**Recorded information**
==============================
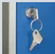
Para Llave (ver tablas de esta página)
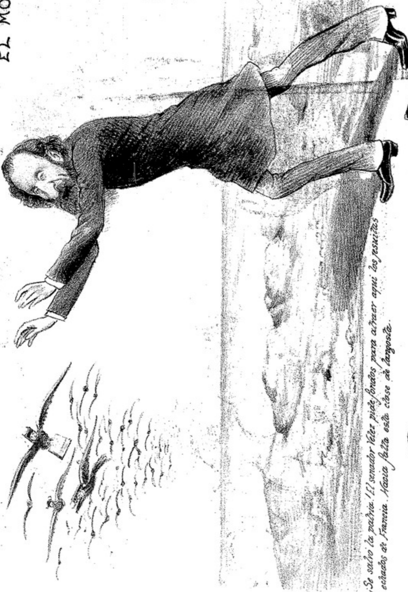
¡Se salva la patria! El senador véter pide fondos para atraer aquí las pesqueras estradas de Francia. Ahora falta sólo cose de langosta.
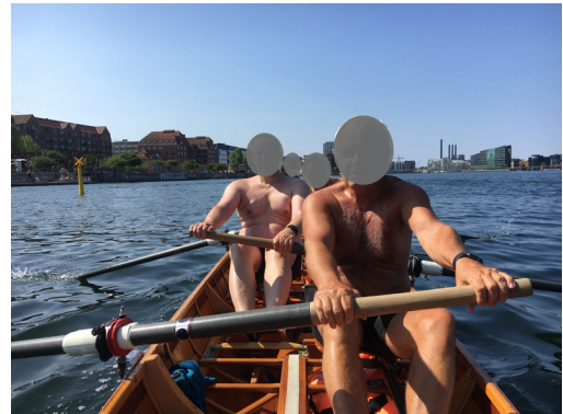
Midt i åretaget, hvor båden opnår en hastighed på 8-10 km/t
==============================
**The problem**
Transcribe the listing above exactly, leaving every picture out.

**Answer space**
Para Llave (ver tablas de esta página)
¡Se salva la patria! El senador véter pide fondos para atraer aquí las pesqueras estradas de Francia. Ahora falta sólo cose de langosta.
Midt i åretaget, hvor båden opnår en hastighed på 8-10 km/t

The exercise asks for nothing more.